§ **AIM OF THE TASK**:
Output the listing exactly as written, apart from its pictures.

§ **PROVIDED DATA**:
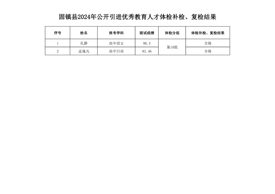 固镇县2024年公开引进优秀教育人才体检补检、复检结果公告
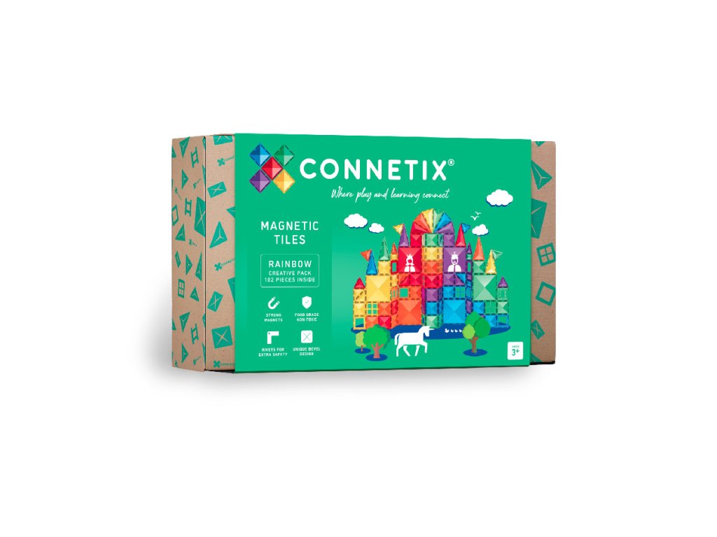 Connetix е идеален за деца от 3 години и е съвместим с други водещи марки магнитни конструктори, което увеличава възможностите за още повече забавление и креативна игра. Комплектът Connetix Tiles подпомага работа в екип, координация и креативно строителство, което дава на родителите чудесна възможност да прекарват време с децата си.
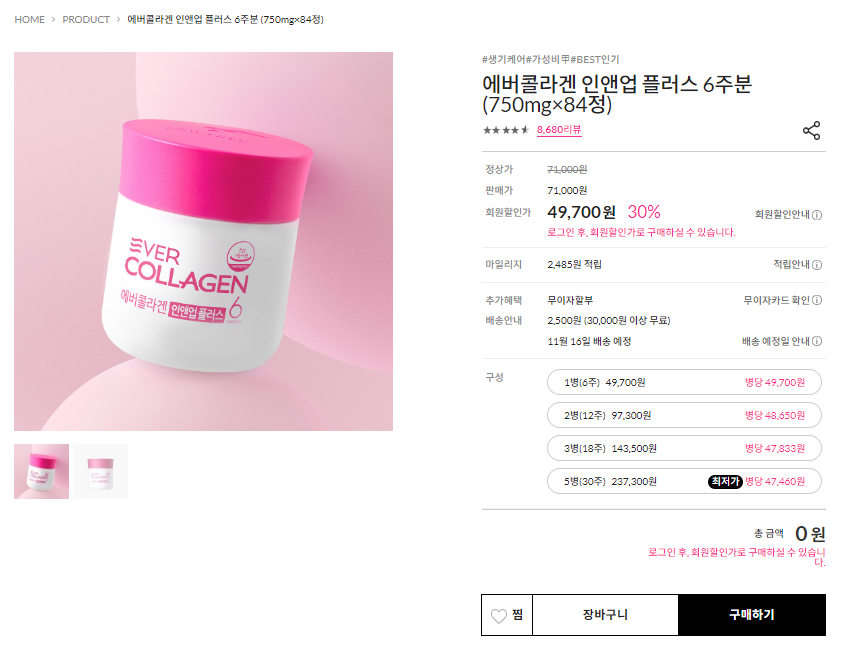 에버콜라겐 인앤업 플러스는 현재 뉴트리몰 공식 홈페이지에서 84정, 6주분을 49,700원에 판매 중이었어요.

§ **RESULT OF THIS TASK**:
 固镇县2024年公开引进优秀教育人才体检补检、复检结果公告
 Connetix е идеален за деца от 3 години и е съвместим с други водещи марки магнитни конструктори, което увеличава възможностите за още повече забавление и креативна игра. Комплектът Connetix Tiles подпомага работа в екип, координация и креативно строителство, което дава на родителите чудесна възможност да прекарват време с децата си.
 에버콜라겐 인앤업 플러스는 현재 뉴트리몰 공식 홈페이지에서 84정, 6주분을 49,700원에 판매 중이었어요.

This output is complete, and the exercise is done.